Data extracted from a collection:
▬▬▬▬▬▬▬▬▬▬

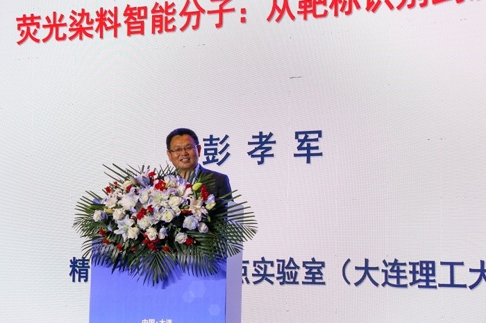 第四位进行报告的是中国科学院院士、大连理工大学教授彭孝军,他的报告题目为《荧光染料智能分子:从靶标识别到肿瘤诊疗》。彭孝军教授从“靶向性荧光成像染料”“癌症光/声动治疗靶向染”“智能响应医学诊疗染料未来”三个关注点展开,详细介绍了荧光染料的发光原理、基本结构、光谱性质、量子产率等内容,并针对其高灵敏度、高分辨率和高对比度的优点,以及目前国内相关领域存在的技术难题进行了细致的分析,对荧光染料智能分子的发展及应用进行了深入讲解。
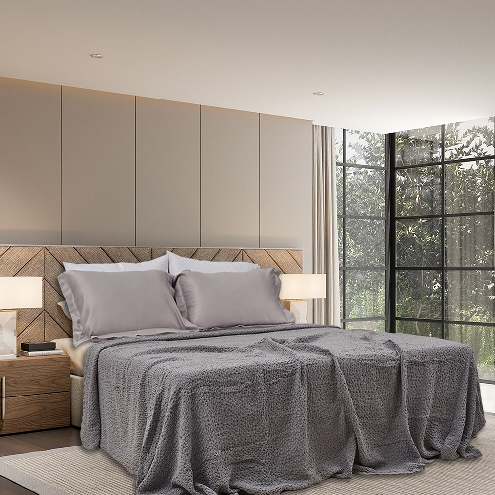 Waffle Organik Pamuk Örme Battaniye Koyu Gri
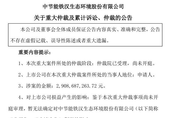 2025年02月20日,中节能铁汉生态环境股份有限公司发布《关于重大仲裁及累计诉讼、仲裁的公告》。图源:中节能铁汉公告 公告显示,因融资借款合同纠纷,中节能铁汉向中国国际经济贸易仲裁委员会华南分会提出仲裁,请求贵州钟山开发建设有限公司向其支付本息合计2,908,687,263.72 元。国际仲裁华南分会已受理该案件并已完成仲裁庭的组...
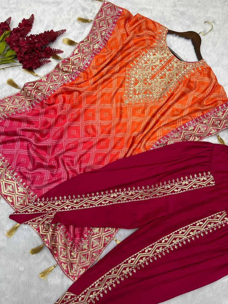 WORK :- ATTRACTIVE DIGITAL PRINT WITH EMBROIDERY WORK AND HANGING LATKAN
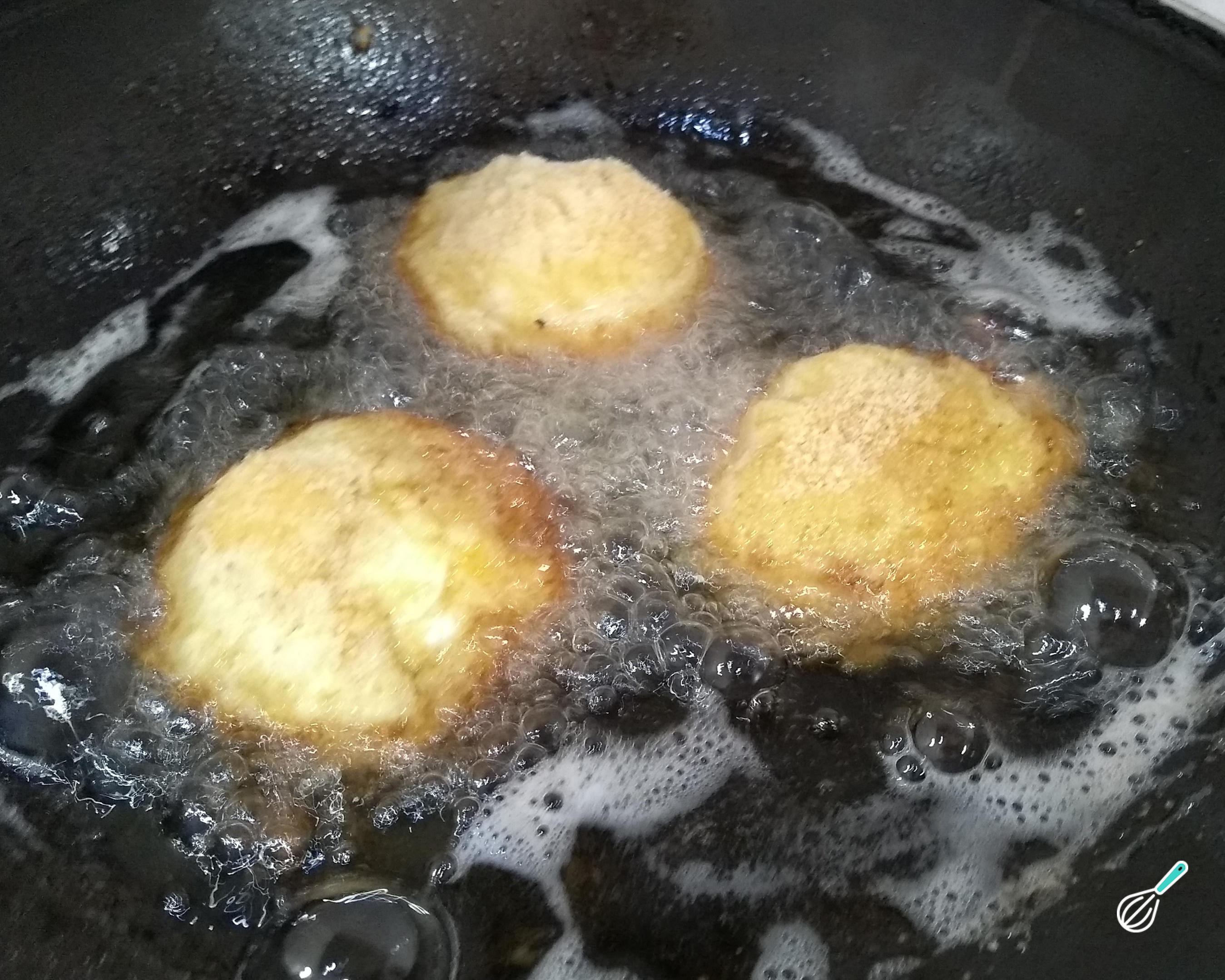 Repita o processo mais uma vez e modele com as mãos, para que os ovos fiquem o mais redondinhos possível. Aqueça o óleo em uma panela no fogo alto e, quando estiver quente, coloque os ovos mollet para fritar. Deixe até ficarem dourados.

▬▬▬▬▬▬▬▬▬▬

Work instructions: Once the line containing "Waffle Organik Pamuk Örme Battaniye Koyu Gri" has been located, transcribe exactly and only every line from the first line of the entries through it, excluding pictures.

Exercise solution:
 第四位进行报告的是中国科学院院士、大连理工大学教授彭孝军,他的报告题目为《荧光染料智能分子:从靶标识别到肿瘤诊疗》。彭孝军教授从“靶向性荧光成像染料”“癌症光/声动治疗靶向染”“智能响应医学诊疗染料未来”三个关注点展开,详细介绍了荧光染料的发光原理、基本结构、光谱性质、量子产率等内容,并针对其高灵敏度、高分辨率和高对比度的优点,以及目前国内相关领域存在的技术难题进行了细致的分析,对荧光染料智能分子的发展及应用进行了深入讲解。
 Waffle Organik Pamuk Örme Battaniye Koyu Gri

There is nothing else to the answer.